Greater transparency would also have other benefits. If regulators had ready access to current OTC derivatives transaction information in trade repositories, I suspect that this would serve as a brake on the use of OTC derivatives that are used for more questionable purposes. For example, this includes trades undertaken to evade accounting rules or to circumvent investment charter limitations. Such transparency would also allow regulators to monitor and identify concentrations and trading patterns that might be related to market manipulation.
In addition, if the public had more detailed information about the OTC derivatives positions of market participants, market discipline would be enhanced by providing market participants with information that would help assess risks during times of stress. Uncertainty about the valuations of complex derivatives due to the lack of price transparency was a factor that exacerbated the financial crisis. Large financial institutions became less willing to engage with one another because of an inability to assess the size of the exposures or to value the opaque positions held by their counterparties.
My third regulatory reform concern is that the Federal Reserve's role in regulatory oversight will be excessively constrained going forward. This threatens to throw the baby out with the bathwater.
The Federal Reserve made mistakes, as did others, in the run-up to the crisis. We are fully cognizant of that, which is why we are revamping how we oversee the financial system and supervise large, systemically important institutions. To cut back our bank supervisory role significantly would be a mistake because macroprudential supervision is important; the Federal Reserve is particularly well suited to this role; and because bank supervision helps inform the Fed in its lender-of-last-resort role and in the conduct of monetary policy.

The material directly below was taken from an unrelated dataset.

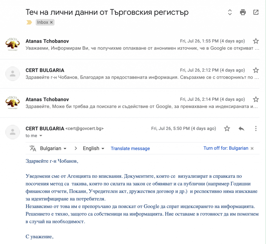 След като регистрираха инцидента без забавяне на 26 юли, от CERT са се свързали с Агенцията по вписванията и са им препоръчали да се обърнат към Google официално за прекратяване на индексацията на данните. Това явно е станало в началото на седмицата и в момента резултатите са прочистени, а търсенето за “лична карта” не връща нищо.

Macroprudential supervision, which I characterize as the top-down assessment of risks throughout the financial system, is essential because it addresses the problem of gaps in the regulatory regime and the regulatory arbitrage that such gaps can encourage. In addition, macroprudential supervision is needed because the financial system is interconnected. As amply demonstrated during the crisis, siloed regulatory oversight is problematic. Supervisory practices must be revamped so that supervision is also horizontal—looking broadly across banks, nonbanks, capital markets, payment and settlement systems and geographies.
In the United States, the Federal Reserve is well suited to play a major role in such oversight because it alone has the expertise in three major aspects of the financial system—banking, capital markets, and payments and settlement systems. It also currently has oversight responsibility for most of the firms that one would view as systemically important.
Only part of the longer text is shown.